On Monday, we posted an entry about unclaimed property being held by government entities other than the state unclaimed property agencies -- in particular, municipal and county governments.  Following up on these "mini escheat departments," ABC's Good Morning America posted an online article about yet another source of unclaimed funds -- unclaimed child support payments.  In many places, a child support payor is required to make payments directly to a state or municipal agency.  As a result, if the receiver moves and does not notify the child support agency of a new address, the funds can go unclaimed. 

The GMA article has links to child support agencies in some states and major metro areas, as well as other information on how to claim these funds.

Monday, October 10, 2011

Mini Escheat Departments at Lower Government Levels

Most unclaimed property professionals are aware that every state keeps a list of unclaimed property so that owners can claim their funds.  What is less well known is that certain other government entities (e.g., counties, cities, etc.) do likewise.  Generally, the items held by these agencies are (no surprise) money held by these agencies for the benefit of others.  For example, Orange County, California lists on its website, unclaimed estate and landlord sale proceeds held for the benefit of rightful owners.  The same with Milwaukee County, Wisconsin, San Diego County, California, Cuyahoga County, Ohio and hundreds of others.  So, if you are trying to undertake a comprehensive search for missing money, don't let your searches stop at the state.

Tuesday, October 4, 2011

Florida Unclaimed Property Action Nets More Than $1 Million for Public Schools

We have spent a few posts here talking about unclaimed property auctions.  And, to be honest, we've also spent some time in this space making fun of some of the items that are available for auction.  That being said, unclaimed property auctions do serve a very serious, and very useful, service.  For example, according to the South Florida Sun-Sentinel, Florida's recent unclaimed property auction raised over $1 million that will be used to fund local schools. In the current economy, and in light of the budget difficulties that many states face, every public dollar is important.

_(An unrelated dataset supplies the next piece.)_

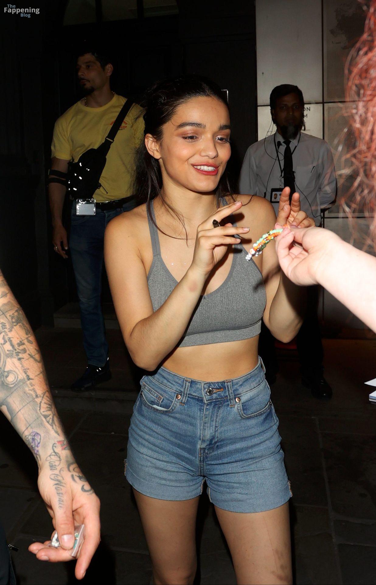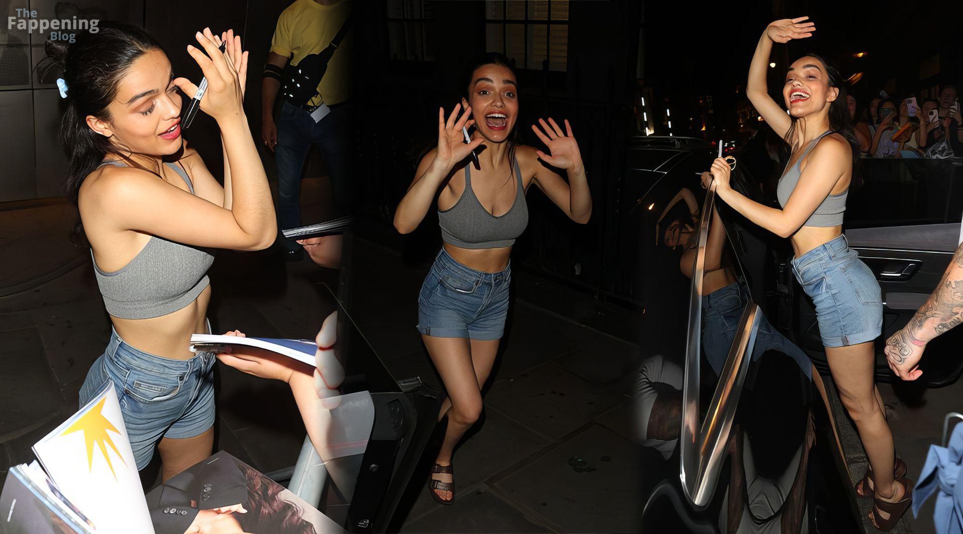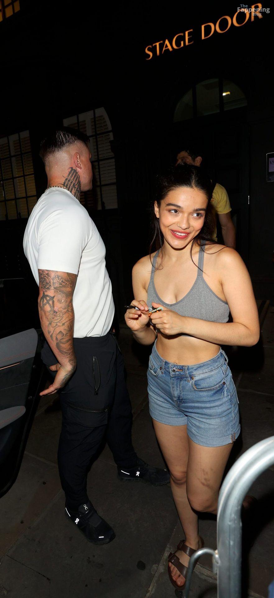 Rachel Zegler affichait un large sourire alors qu’elle quittait le London Palladium après sa performance dans la comédie musicale Evita. L’actrice a gracieusement signé des autographes pour ses nombreux fans qui l’attendaient dehors, s’arrêtant pour poser pour des photos et partager un moment de joie avec la foule.

In the event you are a Missouri reader interested in unclaimed property auctions in the Show-Me-State, the Missouri Department of Treasury is holding an unclaimed property auction today in Columbia, MO.  Among the items available for auction is the autograph of the "Wizard of Oz." (this one, not this one).

Monday, October 3, 2011

$78 Million in Found Money Returned in Japan

We often post articles in this space about the efforts of governments (and sometimes private individuals) to reunite owners with their money.  Often, these efforts are mandated by law, and involve thousands of dollars.  That being the case, we were astounded by the ongoing efforts in Japan arising from that country's recent natural disasters.

According to an article in the Los Angeles Times, Japanese firemen, police officers, rescuers, and private citizens have found, and returned, an astounding $78 million dollars in currency that was found in the wreckage caused by the earthquake and tsunami. In light of the more than 25,000 people who were lost as a result of this tragedy, most of the money will likely go unclaimed (in which case, according to the article, the money will become the property of the government).  Even so, in a time where we are often confronted by story after story of those who seek to capitalize on tragedy, the article provides a welcome reminder of the honesty and decency of many.